#### [Task item]
Repeat each entry exactly, but do not carry over the pictures.

#### [Input data]
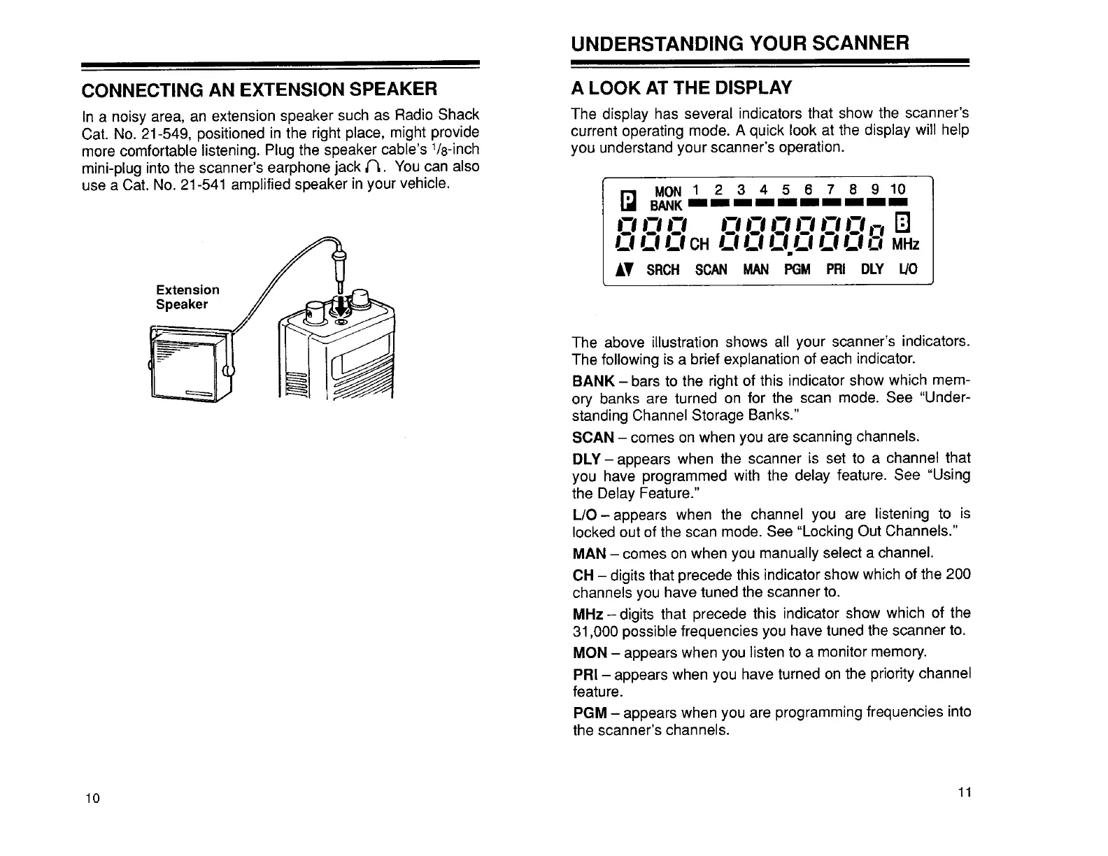 Radio Shack Realistic PRO-39 - Scanner Operation Basics; Connecting an Extension Speaker; Understanding the Display
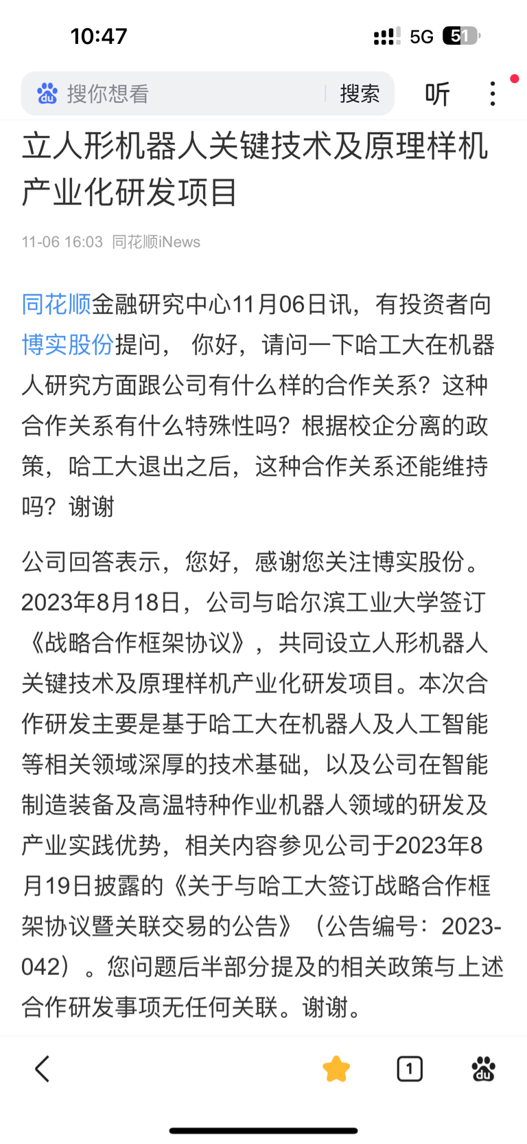$博实股份(SZ002698)$ 11月6号有投资者在采访中问到:根据校企分离的政策,公司与哈工大这种合作关系还能维持吗?
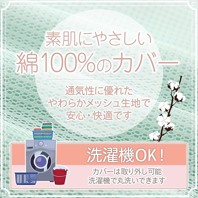 【カバー】通気性に優れた綿100%のメッシュ生地を使用し、いつでも安心・快適に授乳ができます。洗濯機での丸洗いも可能です。
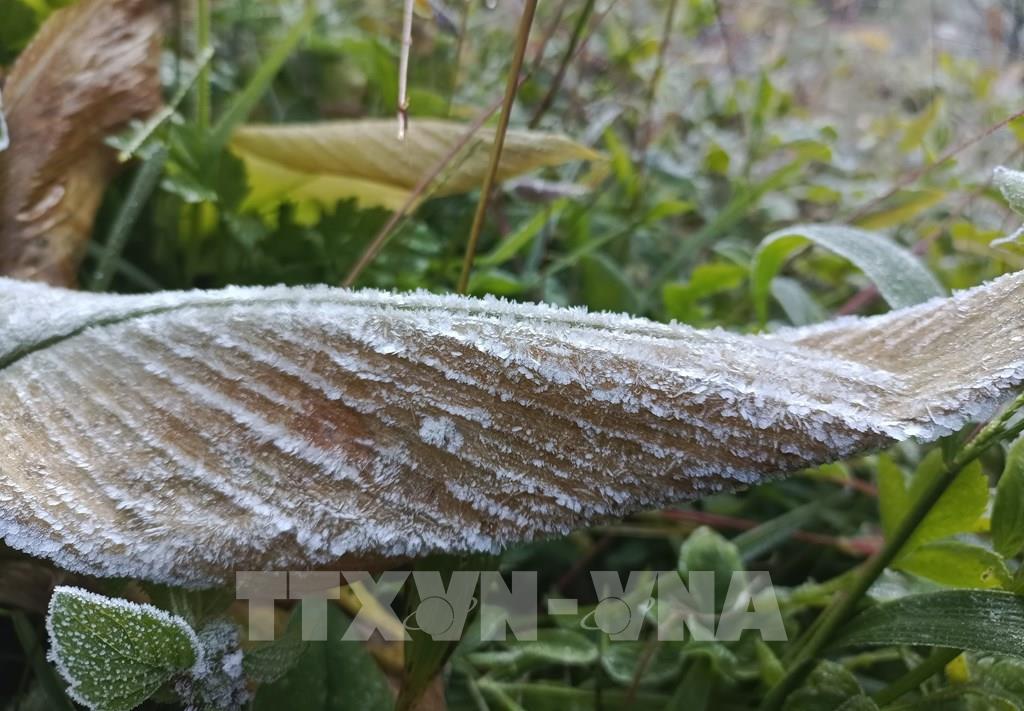 Sương muối tạo thành lớp băng mỏng trên cây cỏ. Ảnh: Đức Thọ - TTXVN
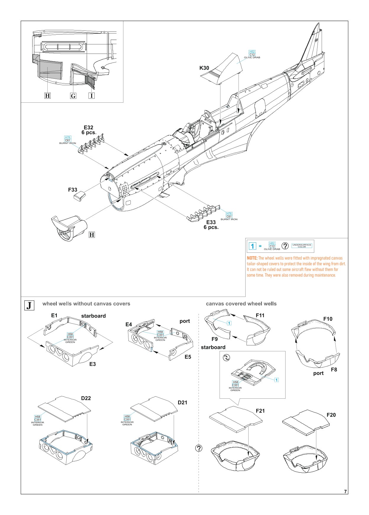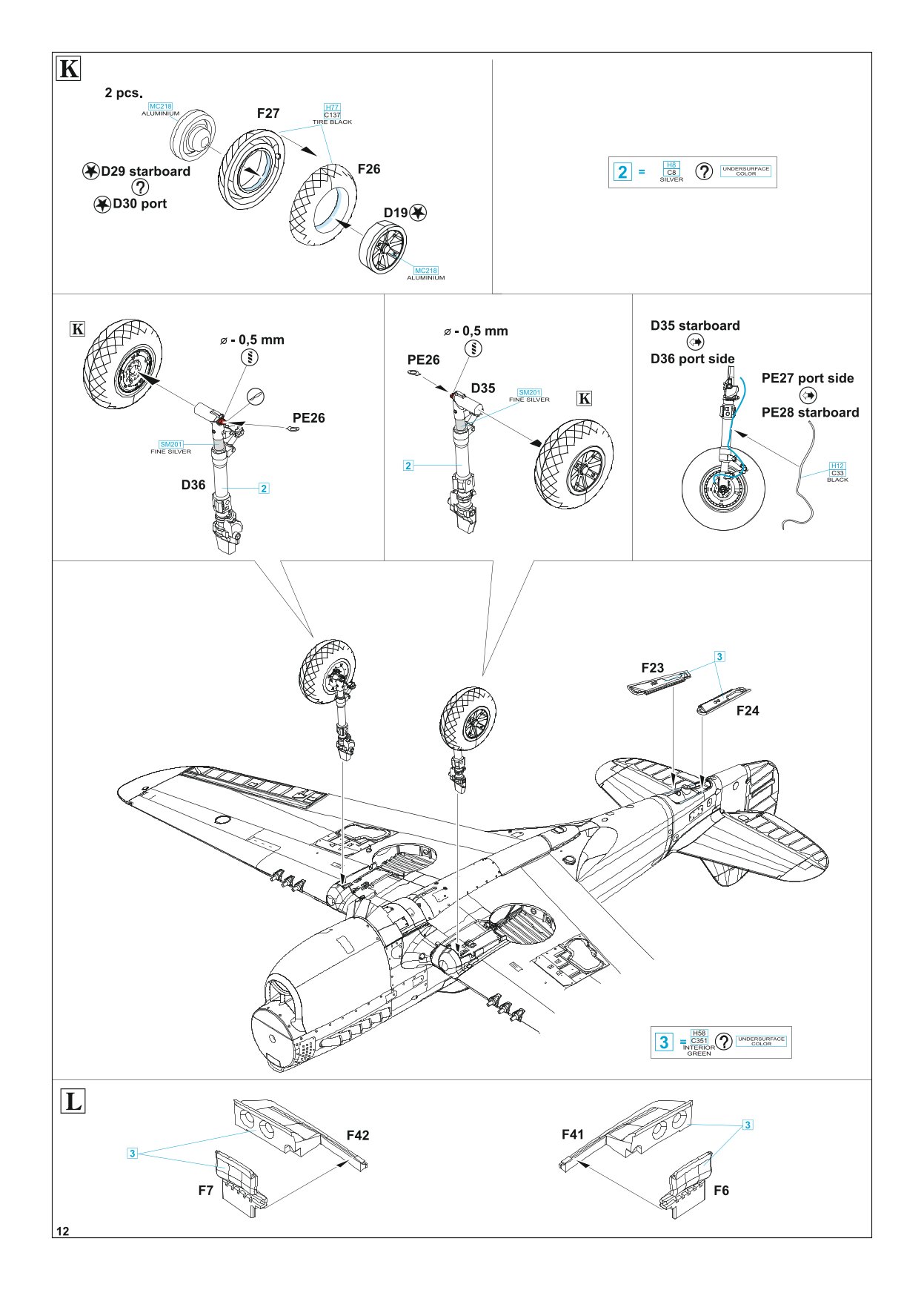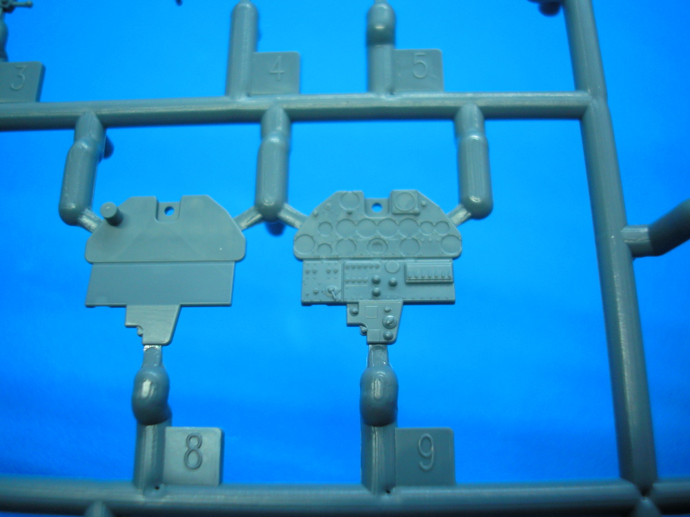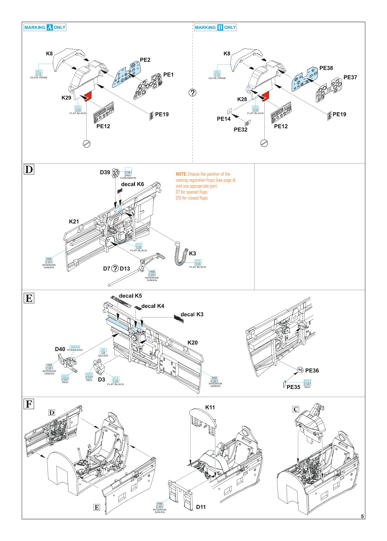 Rámeček K. Tento rámeček obsahuje díly stabilizátorů, výšková kormidla, palubní desky jak pro použití přístrojů z obtisku, tak pro použití dílů z leptané sady. Dále pancéřovou desku za sedačku pilota, opěrku hlavy, boční stěny pilotního prostoru, páku řízení a další drobné ovládací prvky do pilotního prostoru.

#### [Written solution]
 Radio Shack Realistic PRO-39 - Scanner Operation Basics; Connecting an Extension Speaker; Understanding the Display
$博实股份(SZ002698)$ 11月6号有投资者在采访中问到:根据校企分离的政策,公司与哈工大这种合作关系还能维持吗?
 【カバー】通気性に優れた綿100%のメッシュ生地を使用し、いつでも安心・快適に授乳ができます。洗濯機での丸洗いも可能です。
 Sương muối tạo thành lớp băng mỏng trên cây cỏ. Ảnh: Đức Thọ - TTXVN
 Rámeček K. Tento rámeček obsahuje díly stabilizátorů, výšková kormidla, palubní desky jak pro použití přístrojů z obtisku, tak pro použití dílů z leptané sady. Dále pancéřovou desku za sedačku pilota, opěrku hlavy, boční stěny pilotního prostoru, páku řízení a další drobné ovládací prvky do pilotního prostoru.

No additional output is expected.